Primeiro, acho que a Janaína deveria tomar um chá de humildade. Faz bem. Ela me parece dar mais conselhos do que deveria, por arrogância. Agora, com essa história que a gente conhece dele com os filhos, como é que você vai dizer para separar? Não tem muita lógica isso. Eu converso com meus filhos. Não acho que é por aí. Ela está errando o foco. O problema é mais grave. Há uma questão difícil. O presidente precisa aprovar umas coisas no Congresso e isso não está acontecendo. O governo não está se relacionando bem com o Congresso. Então, não é assim. Nestes dias a Janaína disse que quem apoiou o Rodrigo Maia para presidência da Câmara foi o PSL e perguntou por que não lançou outro candidato. Ela saiu candidata à presidência da Assembleia Legislativa em São Paulo e teve quanto votos? Não adianta. Em política tem de fazer composição. Na Alemanha, no Brasil, no mundo inteiro. Acho muita ousadia dela dar esses conselhos para o presidente da República.
O senhor está otimista em relação aos próximos meses? Considerando tudo isso que a gente está falando, qual a sua expectativa?
Eu penso muito sobre isso. De tudo o que nós conversamos, é a pergunta mais difícil de responder. Cabeça fria, tirando todos os vieses, vai dar certo ou não vai dar certo e quando dá para saber? O pessoal está falando em impeachment, isso não tem cabimento. Não vai acontecer nada disso. Mas eu me foco na questão da gestão pública.
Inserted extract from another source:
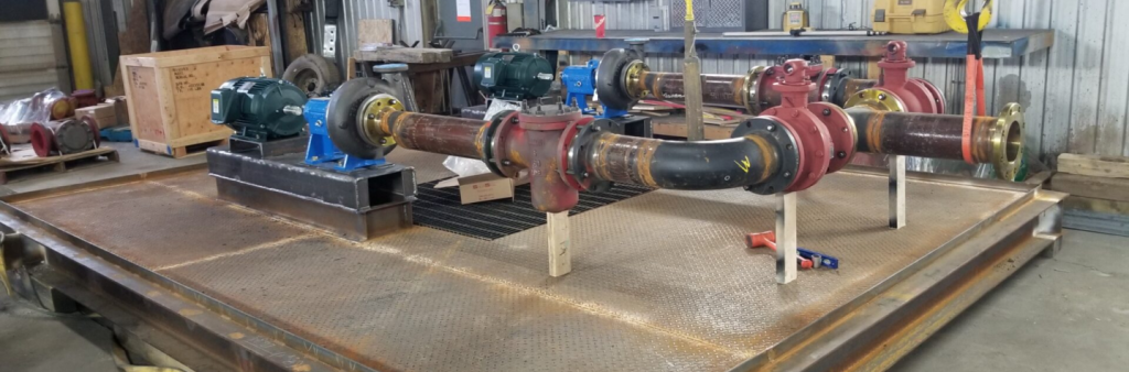 Here at Integrity Pump Service we have a full Fab Shop with the ability to Fabricate Skids with or without a building up to 19 1/2″ Wide and 100′ Long, we work with Certified Welders to Weld any Structural or Piping needs. We can start from scratch by drafting anything you require or fabricate from your drawings. We have a QC program that will ensure your project is done right, to code, and to your specifications. We stand by our work and our quote to ensure the customer has no surprises OR headaches throughout the entirety of the project. Give us a chance to quote on any of your large or small projects!!

Minha formação é essa. Fui político também, mas pouco importa. Fui um político irrelevante. Face às condições da vitória, vai demorar um pouco para engrenar. Acho que nós temos que ter uma tolerância com o presidente. Precisa dar um ano para o novo governo. Precisa acertar a educação, que está uma coisa que você não sabe o que vai acontecer. Não estou discutindo a ideologia de quem está lá. Precisa funcionar. O governo é eleito para governar. Quanto tempo vai levar para o governo começar a funcionar nas várias áreas? Acredito que temos de deixar caminhar mais um tempo ainda. Eu era otimista com a derrubada da quadrilha que tomou conta da política no Brasil, o PT e seus comparsas, todos indo para a cadeia. Conseguimos. O mais importante nós fizemos. Agora, o governo tem de funcionar. E o Bolsonaro acho que está passando pelo aprendizado de botar um governo para funcionar nas condições brasileiras, com orçamento superrestrito, com déficit fiscal até não sei quando, economia patinando. Eu tenho uma boa dose de tolerância com o governo por causa disso, pensando em dificuldades próprias de gestão.
O senhor não acha que o Congresso está querendo assumir o protagonismo?
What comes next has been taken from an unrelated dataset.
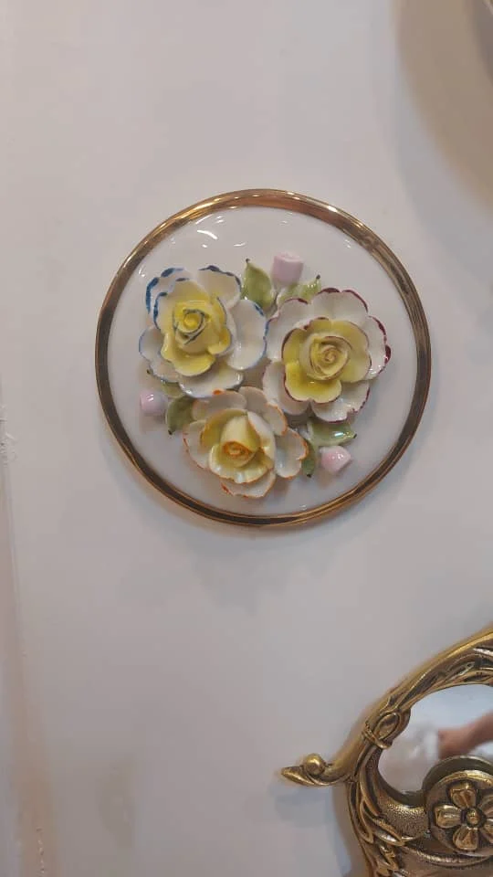 پلاک گرد دیواری چینی بزرگ گل برجسته قطر حدود ۳۰

Não, já estive no Congresso, com duas eleições para deputado federal. Acho que o Congresso tem de ter altivez, porque é um dos Poderes da República. O Congresso está querendo mostrar a sua força. Faz parte do jogo da República. Então, se você trata mal o Congresso, ele reage. Tem de tratar bem. Isso significa corrupção? Não. Agora, dar cargos para indicações políticas também não está errado. Quando fui secretário de Estado em São Paulo, duas vezes, eu nomeei pessoas indicadas por deputados. Não me arrependi de nenhuma. Pessoas ótimas, me ajudaram muito. Então, acho que o Congresso está querendo mostrar um pouco mais, dizendo “olha nós somos parceiros do poder”. E a tendência do governo, da forma como se elegeu, contra tudo e contra todos, assumiu uma postura do tipo “agora mando eu, vocês que se danem. Não dá certo. Já ganhou a eleição, já aconteceu a virada fundamental, agora para governar precisa encontrar os mecanismos corretos para fazer isso.  Nós temos um problema da Constituição de 1988. Nós criamos uma espécie de um monstro político: um governo presidencialista com um Congresso muito forte. Aí vem esse presidencialismo de coalização, de cooptação, de corrupção. No sistema parlamentarista é assim. O partido foi teu adversário e você negocia para ele compor o governo. O último país que fez isso foi a Alemanha, de forma até surpreendente, com duas forças antagônicas, a União Democrata Cristã e o Partido Social Democrata – e está funcionando.